Divided Sky started up, the same as always. Psychedelic Christmas jingle-bell opening. Just exactly the same as I'd heard it a thousand times before. But on this day, for some reason, I was paying attention, anticipating the chorus so I could sing along. Until I noticed something different.

I noticed the bass riff, a happy counterpoint to the twinkling piano, noodling away in the background, something I'd never heard before in all the hundreds of times the album was played in my presence. "Did you hear that?" I shouted, and started the song again, turning up the bass. Yes, this was the same Junta CD we'd always had. No, no one had dropped it into an alternate reality while we were at lunch (though this was a popular theory). Had that sound been there the whole time?

This epiphany set off a chain reaction. Soon we were re-listening to every song on Junta and coming up with equally amazing discoveries. What was the bass player doing on You Enjoy Myself? How was he interacting with the guitarist, or the keyboard player? What was going on in that ridiculous Fluffhead crescendo?

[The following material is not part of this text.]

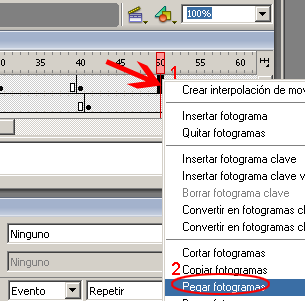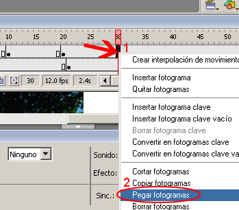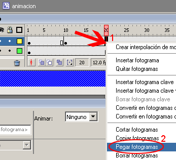 En el siguiente paso seleccionar el frame # 20 y sobre este hacer clic con el botón derecho del ratón y seleccionar la opción Pegar fotogramas.

Traffic light moment: Why had I never listened to the *music* before? In the space of time it took for Mike Gordon to noodle down the frets of his bass and come back to meet the sleighbells of Divided Sky, the way I listened to music was transformed completely. I saw now that my previous understanding of music was only a fractional part of the whole. I stopped ignoring long instrumental stretches of music - hard to imagine that at one time I found them boring. (Another mental slap on the forehead.) In February of '93 I went to my first Phish show, which introduced me to Chapter Two of my new musical epiphany: what happens when musicians perform live together, and music is created on the fly? How do four people appear to share a brain for three hours of music, to make something greater than any of them could make alone, or in the studio?

Phish was an on-ramp for me into a new musical dimension, a lesson that you can listen to music without really listening to it - possibly my brightest traffic light of all. Because learning to listen to music in this way has taught me that if I don't pay attention, I may be missing other things in life. And maybe if I use that same high-powered attention I use when I listen to music, I'll discover even more mind-melting truths in the future.

I'm still usually the first car at a traffic light, by the way. But I'm happy to report that I understand why.